SUMMARY OF THE INVENTION
[0008] The present invention comprises an adjustable,
torque-limiting driver for a tool having a radially extending
handle that houses a cam member and a pair of plungers. The
plungers are biased against the housing and provide variable
resistance for the cam member. The arrangement of the cam member
and the plungers reduces the wear on the various parts of the
driver and extends the life of the driver.
[0009] The handle has a first end, a second end, and an
intermediate area.

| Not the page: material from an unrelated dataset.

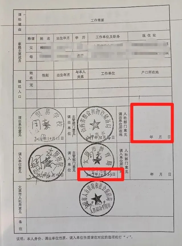 柳先生称,当年的调动手续存在明显违规:审批盖章空白、批准日期比申请日期早15天、专业技术人员10级被错写为科员9级。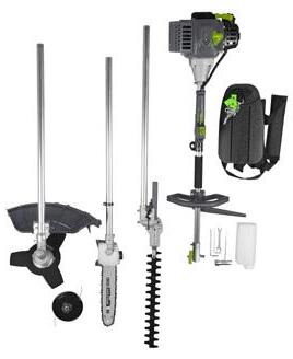 2-taktiline mootor, maks. 9500p/min. Rohulõikur ja trimmipea, hekilõikur ja kettsaag Oregon keti ja latiga. Kaasas traksid. 18001

A cam member located in the intermediate area
has a curvilinear surface, with the cam member being movable
between an engaged position and an override position. A first
plunger member and biasing means is located in said first end of
said housing, with a first rolling member located between the first
plunger member and the cam member. The first rolling member and the
cam member form a gap therebetween when the cam member is in the
override position.
[0010] A second plunger member is located in the second end of the
housing, with the second plunger member being movable from a first
position to a second position. The second plunger member is
adjustable, so that a second rolling member can be moved to engage
and interact with the cam member. The arrangement provides an easy
to use tool driver that will minimize unnecessary force on the
various elements of the driver, thereby extending the life of the
driver.
BRIEF DESCRIPTION OF THE DRAWINGS
[0011] FIG. 1 is a perspective of a variable torque-limiting driver
in accordance with the present invention.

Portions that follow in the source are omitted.